Criminal justice system a farce in year 2000
By Yogita Tahil Ramani
JAKARTA (JP): There is relief that the blindfolded lady of justice with a scale in hand, is a statue.
"It's good that she's a statue. Had she been alive, she would have opted for death than living here," Agus, who does the paperwork on verdicts issued by the Central Jakarta District Court for criminal and civil cases, laughingly told The Jakarta Post late last week.
This sentiment is a telling statement of the roles that Indonesian judges, lawyers and prosecutors play year after year to shape the law according to their convenience.
One of the worst trial outcomes in 2000 fell on Aug. 28 with the acquittal of Djoko S. Tjandra, whose firm PT Era Giat Prima (EGP) managed to acquire Rp 546 billion (US$5.6 million) from Bank Bali via the central bank, in exchange for doing nothing to help recoup the bank's interbank loans from closed Bank BDNI.
Although former Bank Bali deputy chairman Firman Soetdjadja had testified in court that Djoko Tjandra was involved in the scandal, nothing good came out of the trial.

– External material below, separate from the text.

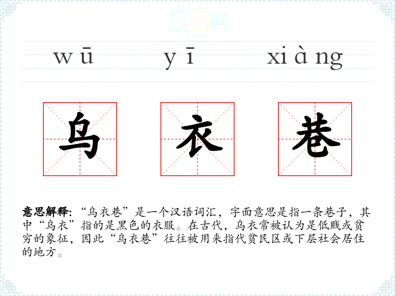 “乌衣巷”是一个汉语词汇,字面意思是指一条巷子,其中“乌衣”指的是黑色的衣服。在古代,乌衣常被认为是低贱或贫穷的象征,因此“乌衣巷”往往被用来指代贫民区或下层社会居住的地方。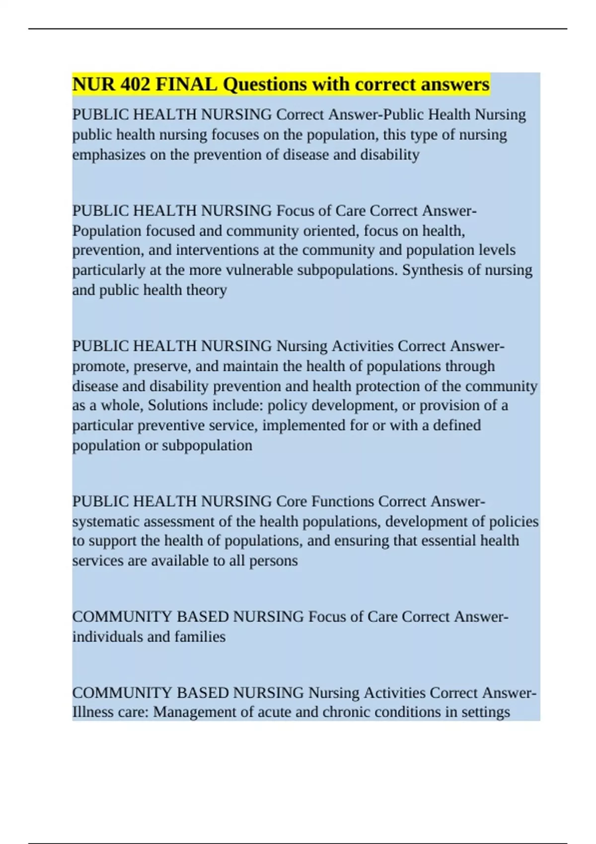 PUBLIC HEALTH NURSING Correct Answer-Public Health Nursing

Judge Soedarto of the South Jakarta District Court pointed his fingers at prosecutor Antasari Azhar for producing no proof in the case. But, Antasari in turn was later promoted to head the South Jakarta Prosecutor's Office.
Like Djoko, former Indonesian Bank Restructuring Agency (IBRA) deputy chairman Pande Nasorahona Lubis was also acquitted on Nov. 23 in connection with the scandal.
In September, the same district court dismissed the $571 million dollar graft trial against former president Soeharto, 79, after declaring the ill defendant "permanently unfit" for trial.
It had just failed to matter to presiding judge Lalu Mariyun, or any other judge in the Soeharto trial panel, that this year the Medan District Court in North Sumatra had sentenced former Langkat Regent, a very ill 56-year-old Zulkipli Harahap who could not attend his own trial hearings, to a 10-month jail term over a Rp 5.6 billion graft case.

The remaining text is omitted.